(Stored items from a collection)
╔══
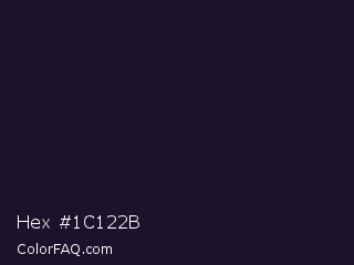 Hex #1c122b Color is a very dark violet color and the nearest color is Mirage #161928. Hex code #1c122b and RGB value is rgb(28,18,43). In RGB color space, this color is composed of 11% red, 7% green, 17% blue, In CMYK color space, this color is composed of 35% cyan, 58% magenta, 0% yellow , 83% black , In HSL color space, this color has a hue angle of 264° , 41% saturation and 12% lightness.
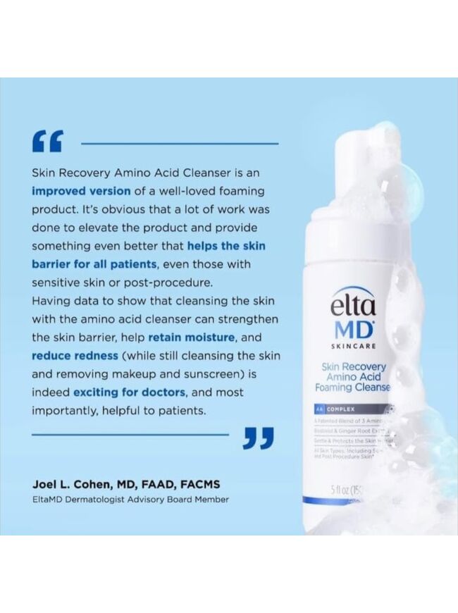 EltaMD Skin Recovery Amino Acid Foaming Facial Cleanser, Gentle Face Cleanser for Sensitive Skin 1Fl OZ
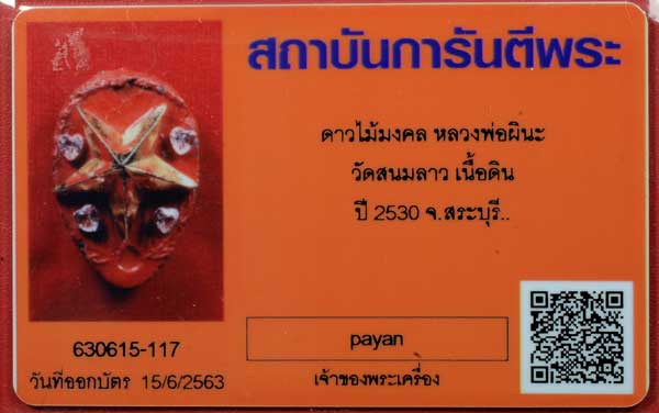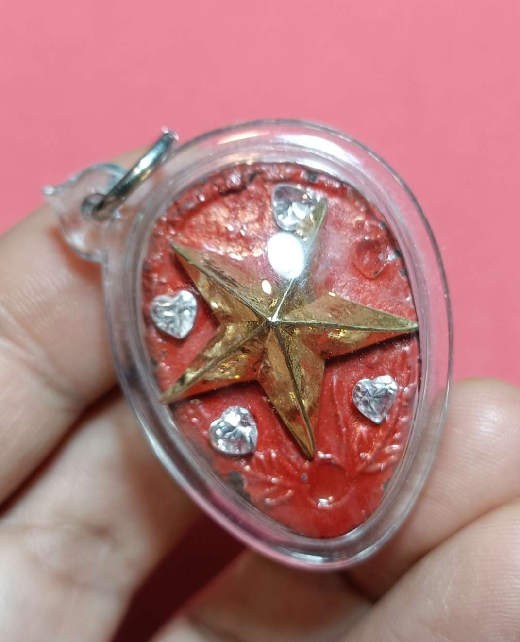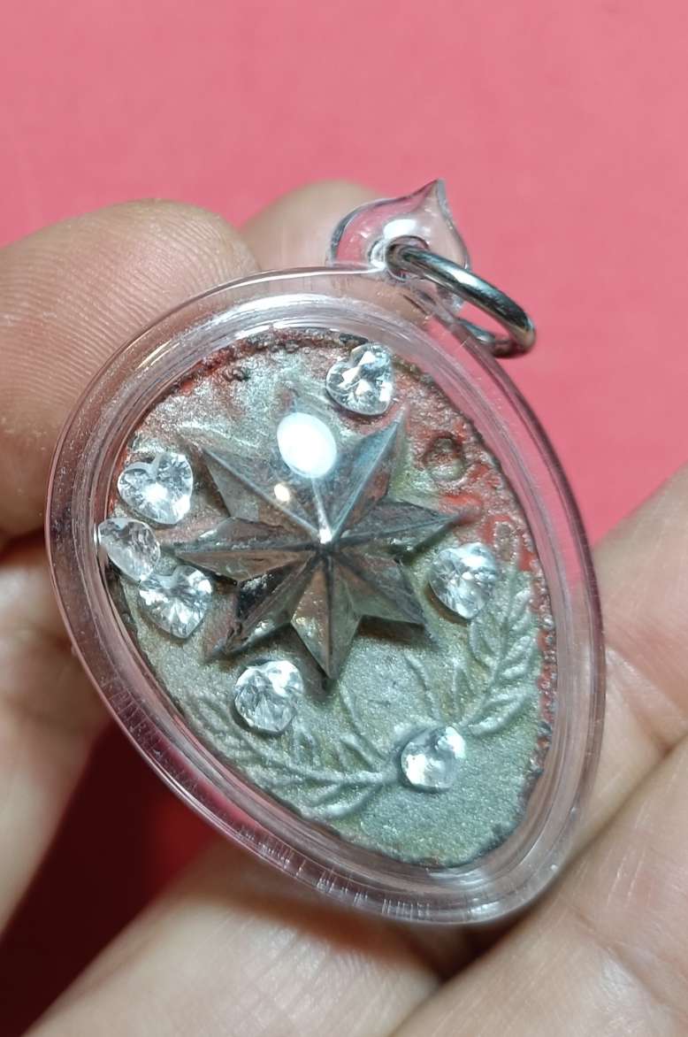 วัดใจ ดาวแม่น้ำหอม ดาวไม้มงคล หลวงพ่อ ผินะ วัดสนมลาว สีแดง(นิยม หายาก) พิเศษครอบดาวเลื่อน ดีด้านเลื่อนตำแหน่ง เลื่อนฐานะให้สูงส่งขึ้นกว่าเดิม ฝังพลอยเสก เมตตาค้าขายแรงๆ อธิฐานได้ ตามใจปรารถนา มีเงินใช้ไม่ขาดมือ พร้อมบัตรจีพระ ปัจจุบันนำเลี่ยมพลาสติกกันน้ำไว้พร้อมใช้ และมีเพชรที่ประดับไว้หลุดทั้ง 2 ด้านแต่เป็นเอกลักษณ์ดีครับคล้ายๆกับพระกริ่งเพชรจะวิ่งไปวิ่งมาตอนเคลื่อนไหว
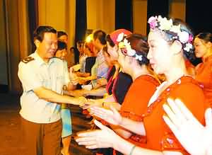 資料圖:駐廈某集團軍首長蔡英挺等領導親切會見參加慰問演出的演員。
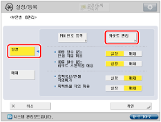 인쇄를 취소하려면 [취소]를 누릅니다. 기기가 페이지 카운트 리스트를 인쇄하는 중에 표시된 화면을 닫으려면 [닫기]를 누릅니다. 용지 데크의 설정이 [기능 설정](설정/등록)의 [용지 카세트 자동선택 설정/해제]의 [ 기타]에서 '설정'으로 지정되어 있고 이 용지 데크에 A3, A4 또는 A4R 용지(보통용지, 재생용지, 얇은용지 또는 색상지)이 적재된 경우에만 리스트를 인쇄할 수 있습니다. 하지만 [복사]에 대해 [ 용지종류를 고려함]을 [용지 카세트 자동선택 설정/해제]에서 '설정'으로 지정한 경우, 컬러 용지가 지정된 용지 데크에서는 인쇄할 수 없습니다. ("용지 카세트 자동 선택 사용" 참고) |
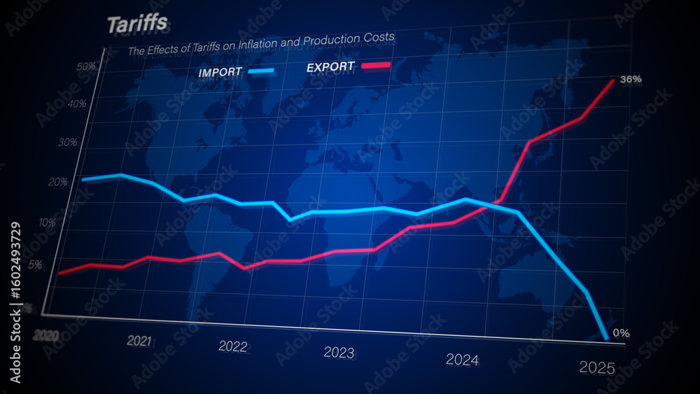 Economic graph showing tariffs impact on import and export costs from 2020 to 2025 with rising and falling trend lines, ideal for finance, trade, and global economy topics. 3d rendering
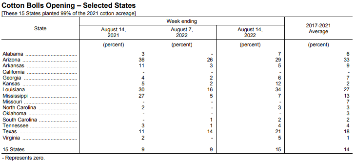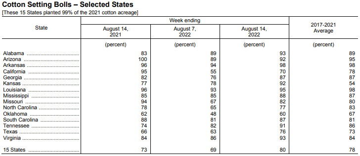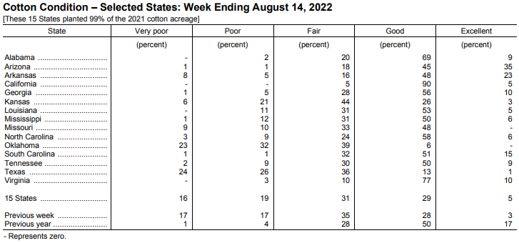 美國(guó)農(nóng)業(yè)部8月15日發(fā)布的美國(guó)棉花生長(zhǎng)報(bào)告顯示,截至8月14日當(dāng)周,美棉結(jié)鈴率為80%,前周為69%,去年同期為73%,五年均值為78%。美棉盛鈴率為15%,前周為9%,去年同期為9%,五年均值為14%。美棉生長(zhǎng)優(yōu)良率為34%,前周為31%,去年同期為67%。
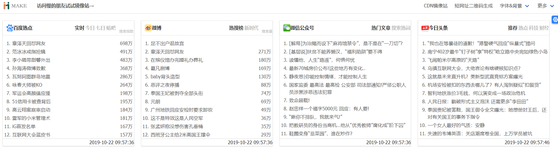将各大的资讯阅读平台中的新闻头条汇聚一起,第一时间查看到最新最热的新闻资讯,类似今日热榜的一些网站,发现有个大佬收集的更全面,整合了一下之前分享的今日热榜网站。
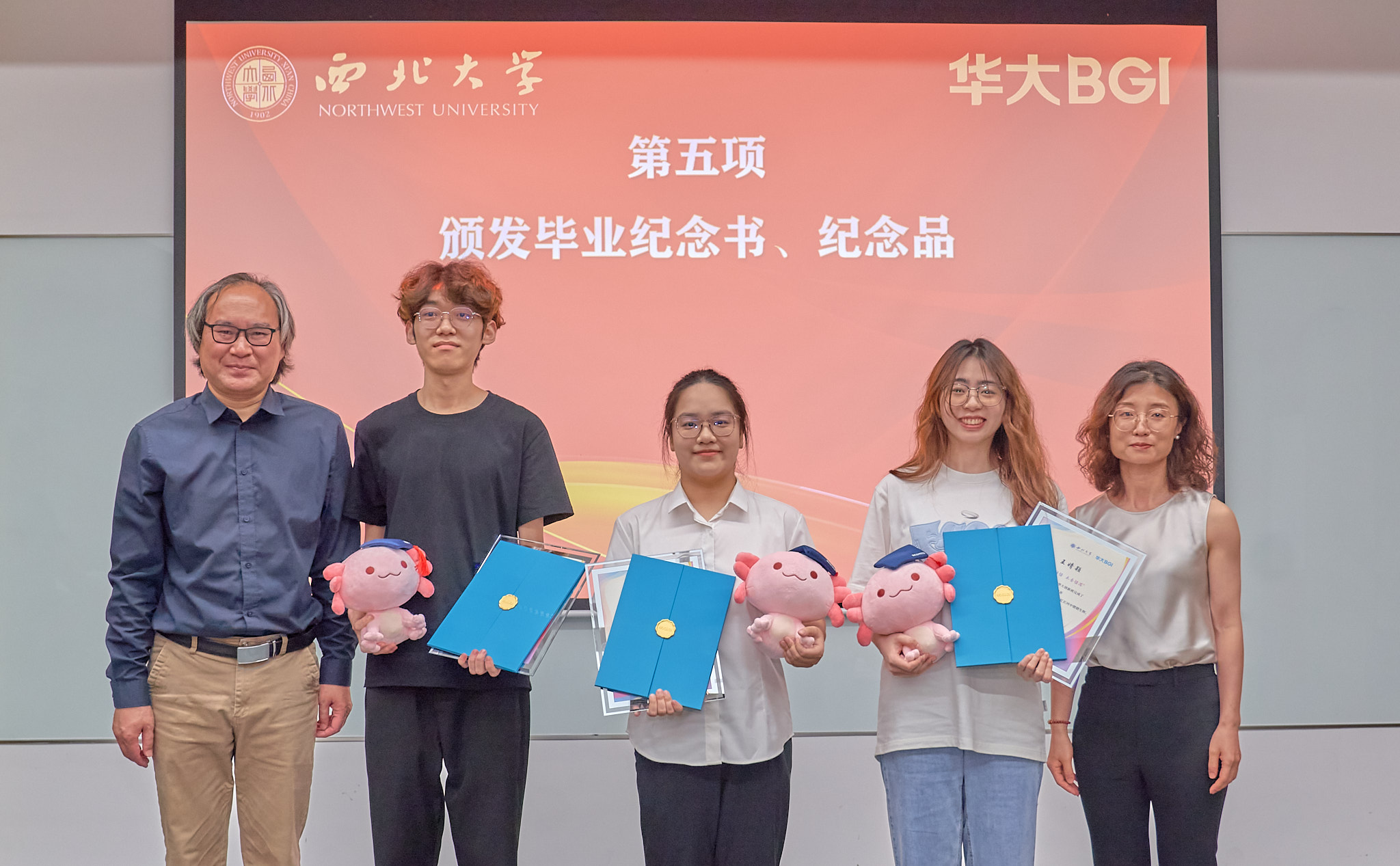 典礼上,学生代表分享了科研学习和生活经历。与会领导为第五届华大创新班思政、领航、学长班主任、创新创业导师颁发聘书,向每位毕业生颁发毕业证书、发放纪念品,为华大创新班党支部举行了揭牌和授旗仪式,互赠纪念品。
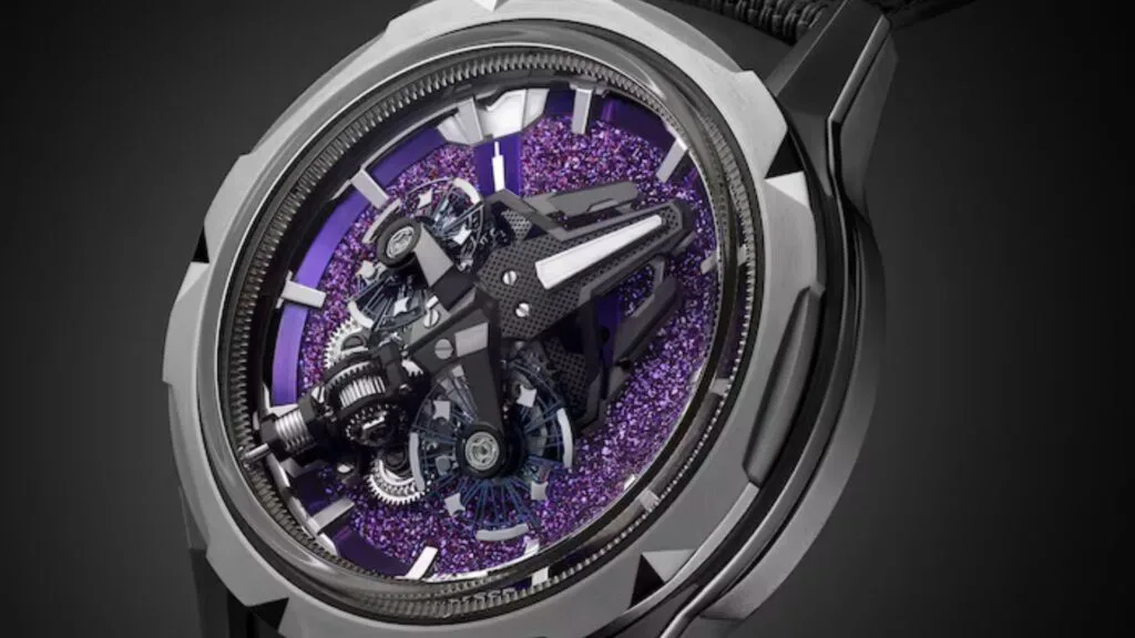 This unique reference has a vividly coloured crystalium base plate with a shimmering violet tint. Crystalium is formed by crystallising ruthenium, a process that takes days and gives every piece a unique finish. The watch is attached to a “ballistic” rubber strap with a woven appearance and light purple stitches that complement the regal colour scheme.
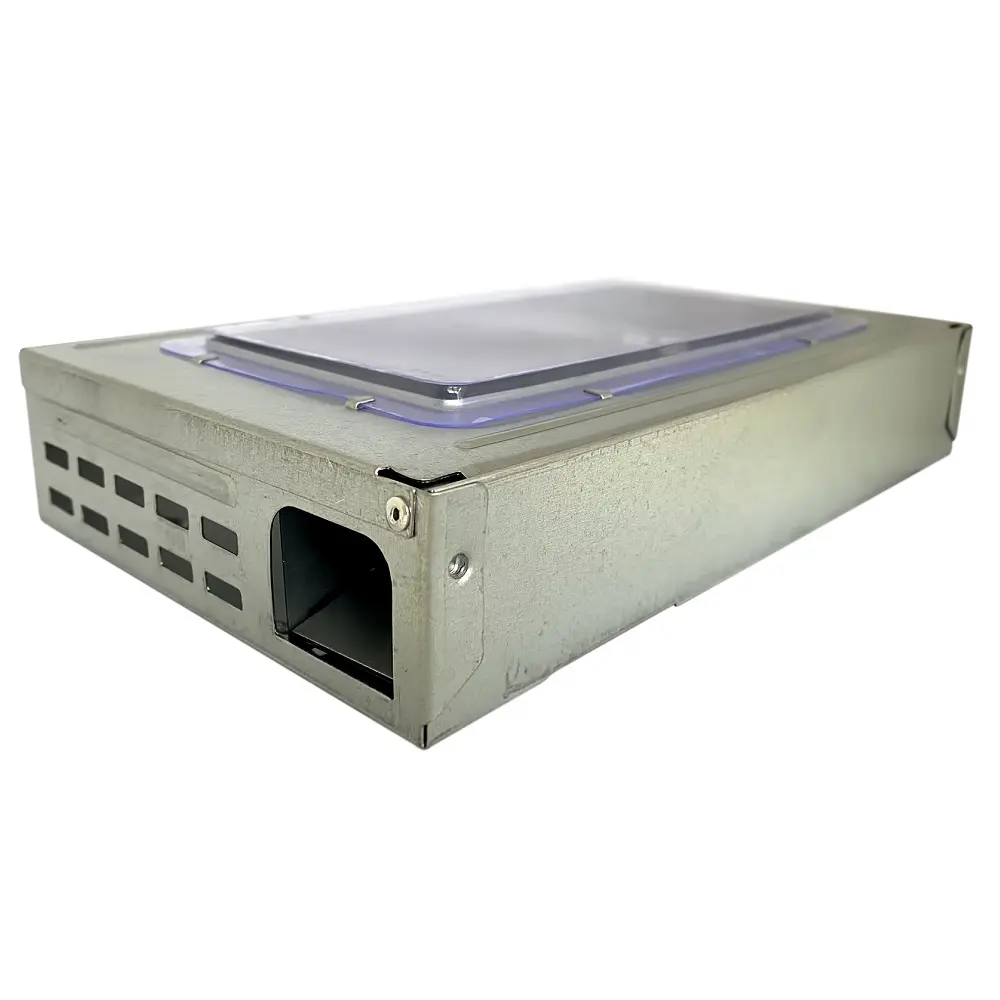 Представляет собой короб из оцинкованной стали с прозрачным пластиковым окном на верхней панели. Имеет два входа, оснащенных двойными клапанами, блокирующих вредителей внутри ловушки. Вентиляционные отверстия на торцах обеспечат доступ воздуха пойманным особям, что позволит впоследствии просто вывезти их в природные условия, чтобы не прибегать к уничтожению. Изделие отличается:
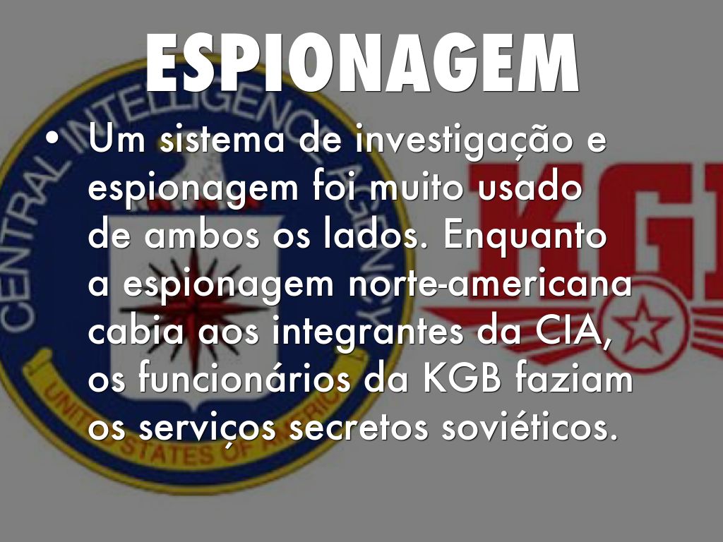 Um sistema de investigação e espionagem foi muito usado de ambos os lados. Enquanto a espionagem norte-americana cabia aos integrantes da CIA, os funcionários da KGB faziam os serviços secretos soviéticos.
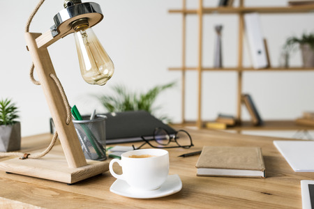 Laptop on wooden desk with coffee cup, lamp and picture on wall
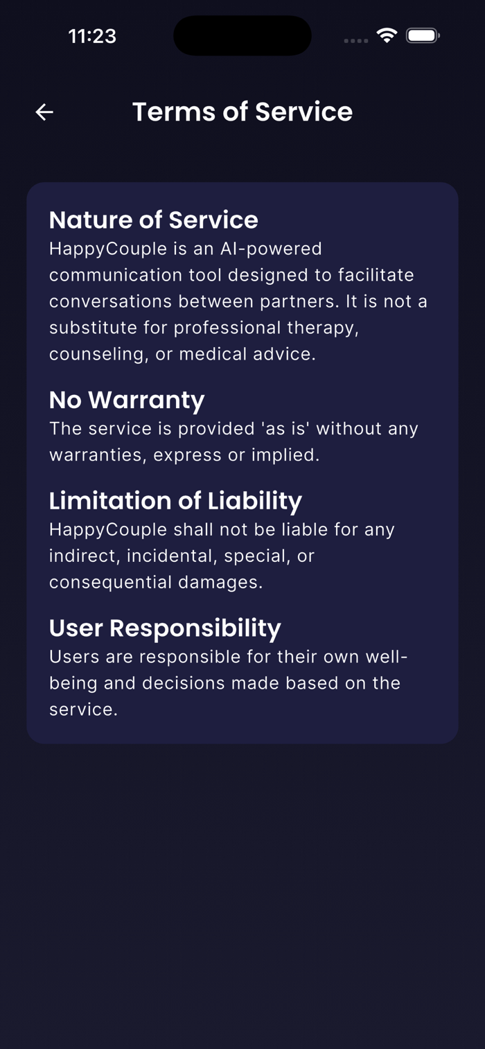 Please note: Happy Couple AI is designed to facilitate communication and provide conversational guidance. It is not intended to, and does not constitute, professional medical, psychological, or mental health advice, diagnosis, or treatment. For serious relationship concerns, please consult with a qualified professional.
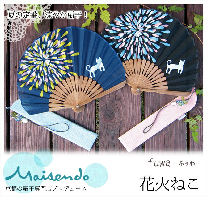 扇子 女性 レディース かわいい 和装小物 京都 うちわ 浴衣 舞扇堂扇子fuwa 扇子 袋 セット 花火ねこ ネイビー R25223-82 コンパクト お出かけ グッズ 涼しい せんす 涼感 可愛い オシャレ お洒落 収納 シンプル 通勤 通学 女子 男子 女性 男性 女の子 男の子 レディース メ
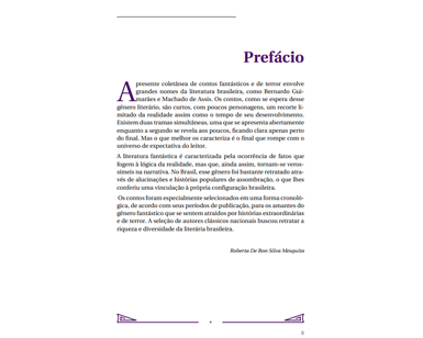 “Os contos foram especialmente selecionados em uma forma cronológica, de acordo com seus períodos de publicação, para os amantes do gênero fantástico que se sentem atraídos por histórias extraordinárias e de terror. A seleção de autores clássicos nacionais buscou retratar a riqueza e diversidade literária brasileira.” (Roberta De Bon Silva Mesquita)
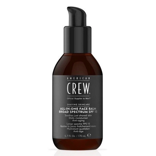Balsam po goleniu American Crew All-In-One Face Balm Broad Spectrum SPF15 posiada w składzie kojący i nawilżający pantenol, regenerującą alantoinę, nawilżający wyciąg z glonów oraz enzym Bacillus Ferment o działaniu delikatnie złuszczającym. Te komponenty pielęgnują skórę, działają ochronnie, nawilżająco i przeciwstarzeniowo.
╚══
INSTRUCTIONS FOR THE TASK> For the data above, set down exactly the lines from the line with "วัดใจ ดาวแม่น้ำหอม ดาวไม้มงคล" to the line with "Economic graph showing", both included, leaving pictures out.

TASK OUTPUT>
 วัดใจ ดาวแม่น้ำหอม ดาวไม้มงคล หลวงพ่อ ผินะ วัดสนมลาว สีแดง(นิยม หายาก) พิเศษครอบดาวเลื่อน ดีด้านเลื่อนตำแหน่ง เลื่อนฐานะให้สูงส่งขึ้นกว่าเดิม ฝังพลอยเสก เมตตาค้าขายแรงๆ อธิฐานได้ ตามใจปรารถนา มีเงินใช้ไม่ขาดมือ พร้อมบัตรจีพระ ปัจจุบันนำเลี่ยมพลาสติกกันน้ำไว้พร้อมใช้ และมีเพชรที่ประดับไว้หลุดทั้ง 2 ด้านแต่เป็นเอกลักษณ์ดีครับคล้ายๆกับพระกริ่งเพชรจะวิ่งไปวิ่งมาตอนเคลื่อนไหว
 資料圖:駐廈某集團軍首長蔡英挺等領導親切會見參加慰問演出的演員。
 인쇄를 취소하려면 [취소]를 누릅니다. 기기가 페이지 카운트 리스트를 인쇄하는 중에 표시된 화면을 닫으려면 [닫기]를 누릅니다. 용지 데크의 설정이 [기능 설정](설정/등록)의 [용지 카세트 자동선택 설정/해제]의 [ 기타]에서 '설정'으로 지정되어 있고 이 용지 데크에 A3, A4 또는 A4R 용지(보통용지, 재생용지, 얇은용지 또는 색상지)이 적재된 경우에만 리스트를 인쇄할 수 있습니다. 하지만 [복사]에 대해 [ 용지종류를 고려함]을 [용지 카세트 자동선택 설정/해제]에서 '설정'으로 지정한 경우, 컬러 용지가 지정된 용지 데크에서는 인쇄할 수 없습니다. ("용지 카세트 자동 선택 사용" 참고) |
 Economic graph showing tariffs impact on import and export costs from 2020 to 2025 with rising and falling trend lines, ideal for finance, trade, and global economy topics. 3d rendering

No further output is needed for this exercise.